Code for self-supervised monocular object depth estimation based on monodepth2. We have replaced MonoDepth2's default encoder-decoder architecture with a pre-trained relative depth estimation VIT from Depth-Anything and added the GPS loss from G2S to predict metric depth. Object detection is done by a YOLOv8 model trained on the COCO dataset.
There are many things to do, but for now, we have provided a trained model on the KITTI dataset without searching for the best training settings.
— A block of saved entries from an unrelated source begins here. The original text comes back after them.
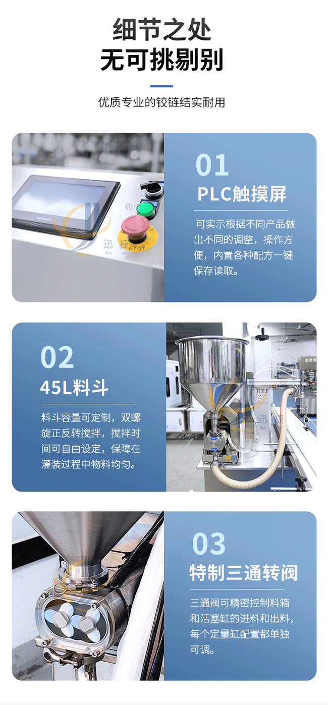我公司新研發(fā)五極醬料灌裝機(jī),五極分為極快,極簡(jiǎn),極穩(wěn),極廣,極準(zhǔn),廣泛適用于各種膏霜、蜂蜜、洗衣液、洗發(fā)水、半流體、蜂蜜、醬料以及各種粘稠物料,該產(chǎn)品支持定制,選用306不銹鋼材質(zhì),灌裝精度高,防止滴漏,選用plc觸屏智能控制,防滴漏防拉絲,突破傳統(tǒng)的灌裝方式,可根據(jù)瓶子高度調(diào)整灌裝頭高度,采用防滴漏設(shè)計(jì),灌裝時(shí)不滴不漏。
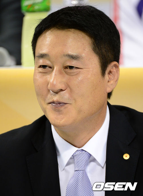 원주 동부 이충희 감독이 출사표를 말하며 미소짓고 있다.
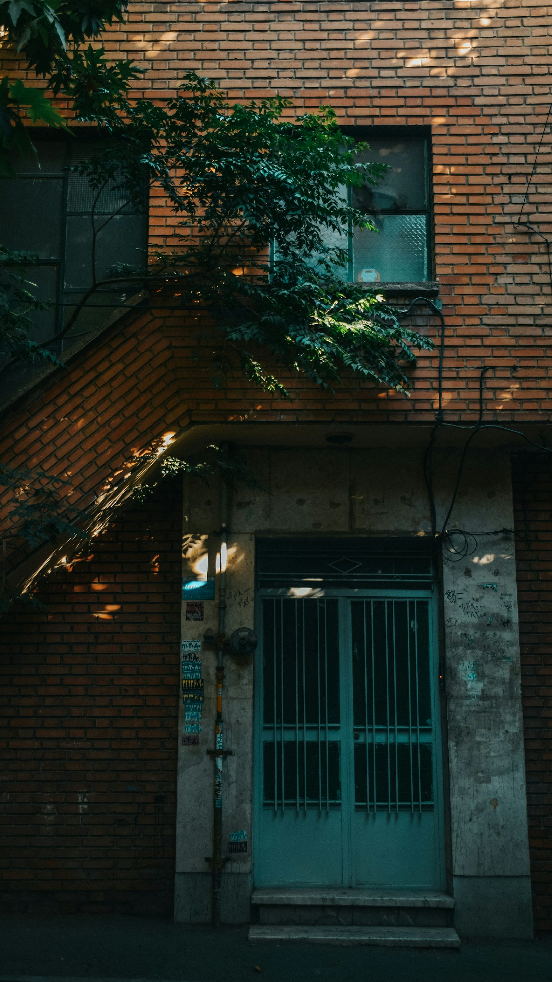 Keywords: brick building, green door, tall building, architecture, wallpaper, urban, city, facade, texture, building
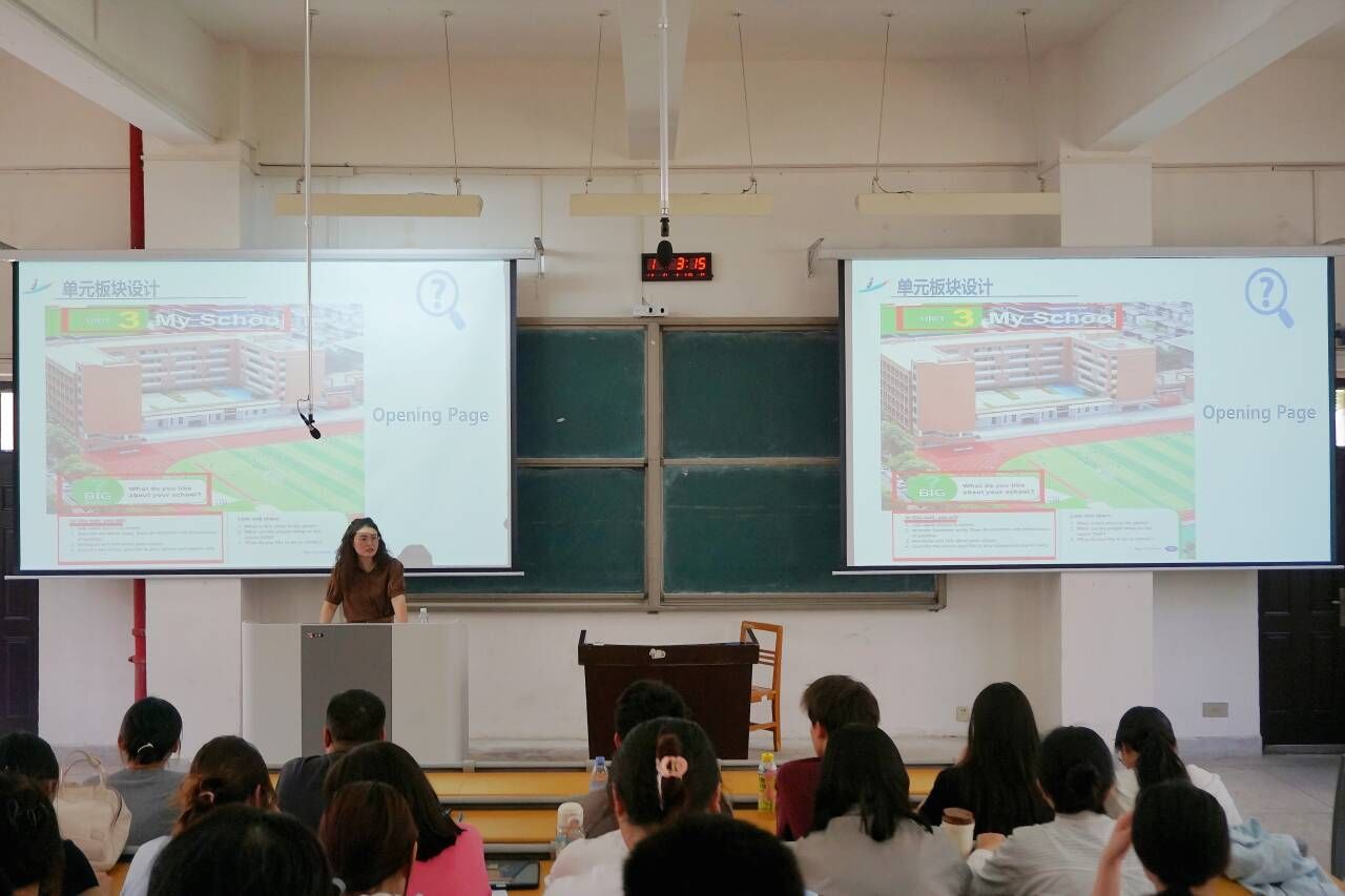 5月21日下午,威廉希尔williamhill外聘中学教师吴亚芳为英语专业员工讲授“英语教学法”专题课程,开展主题为《教材解析及教学设计案例分析》的实践教学。本次课程以人教版初中英语七年级上册Unit 3 My School为例,通过教材深度解析、教学案例展示与互动研讨,强化师范生对核心素养内涵的理解,探索课堂教学创新路径,为英语师范生的职业发展奠定坚实基础。
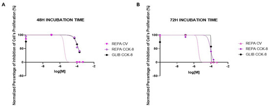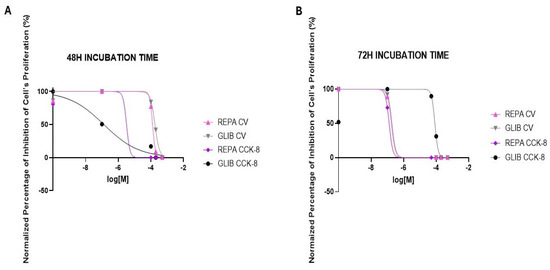 Furthermore, after an incubation time of 72 h we observed a normalized percentage of the inhibition of cell proliferation equal to 0 already using 100 μM REPA with multi-well crystal violet assay; with CCK-8; however, the most effective concentration is 200 μM, obtaining a normalized percentage of inhibition of cell proliferation of 9.32%. GLIB provided time-dependent incubation results with the CCK-8 test, with a normalized percentage of cell proliferation inhibition of 36.95%, using 200 μM GLIB after 48 h of incubation and achieving 0 using the same concentration after an incubation time of 72 h (Figure 3B). No GLIB data was provided in CV assay. GLIB in the CCK-8 assay shows overlapping concentration-response curves with REPA in the CCK-8 assay. The calculated IC50 (M) supports the conclusion (Table 1).
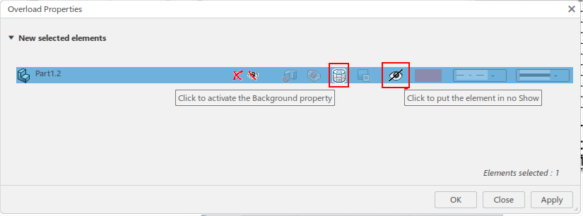 3 – Ativar a opção “Click to put the element in no Show” e o “Click to activate the Background property” (caso queiras visualizar as outras peças que estão por trás da peça que vais esconder) -> Apply -> OK
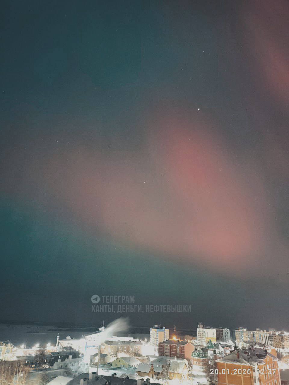Ночное небо над Ханты-Мансийском украсило северное сияние. Этим зрелищем сегодня поделились наши подписчики. Из-за высокой солнечной активности, достигшей семи баллов, в небе появилось яркое и завораживающее световое шоу.
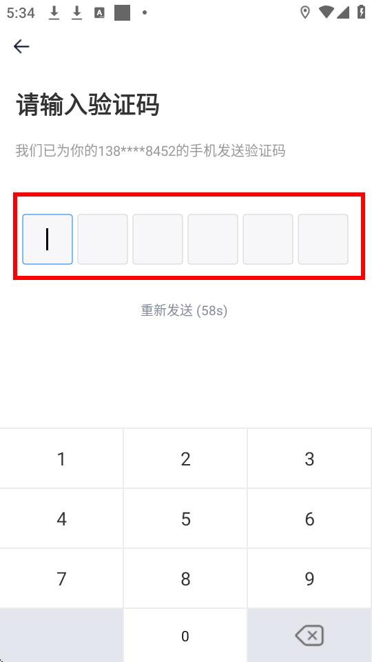 4、在【请输入验证码】界面,输入发送到手机的验证码。
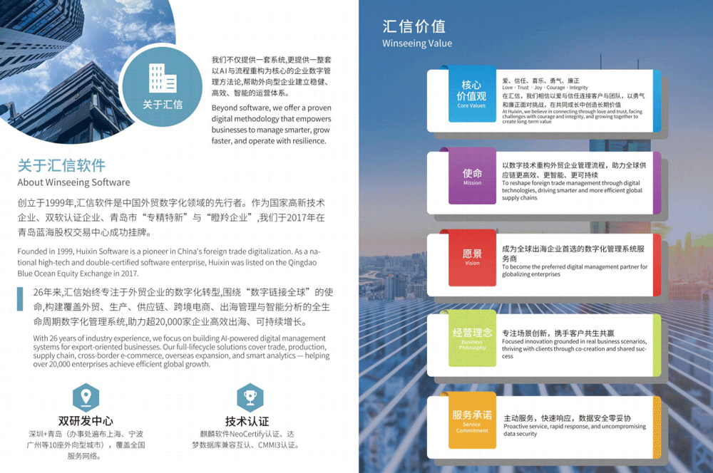 汇信软件基于协同供应商管理的思想,配合供应链中各环节的业务需求,依托大数据和云计算研发,帮助外向型企业打通外贸供应链上下游的“企业门户+ERP管理解决方案”。
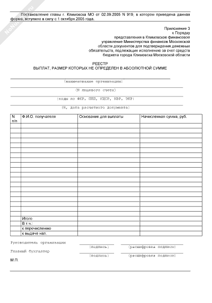 - 94Реестр выплат, размер которых не определен в абсолютной сумме для подтверждения денежных обязательств, подлежащих исполнению за счет средств бюджета города Климовска Московской области

Model | Resolution | abs_rel | sq_rel | rmse | rmse_log | a1 | a2 | a3 |
---|---|---|---|---|---|---|---|---|
G2S | 1024×384 | 0.109 | 0.844 | 4.774 | 0.194 | 0.869 | 0.958 | 0.981 |
This Repo (G2S + Depth-Anything) | 518×518 | 0.101 | 0.733 | 4.579 | 0.183 | 0.893 | 0.964 | 0.982 |
-
Clone this repo and create the environment:
git clone https://github.com/fardinayar/object_depth_anything.git conda env create -f environment.yml conda activate depth
-
Run
python object_depth_estimation.py --image_folder {path to image folder} --output_type {"csv" or "video"}
In the case of "CSV", results will be saved as a CSV file (results.csv) that lists objects in each image with their minimum depth from the camera. In the case of the "video", the same results will be saved in a video (demo.gif).
-
Add code for training the depth estimation model on custom dataset
-
Evaluate the depth model only in object regions
-
Add more inference settings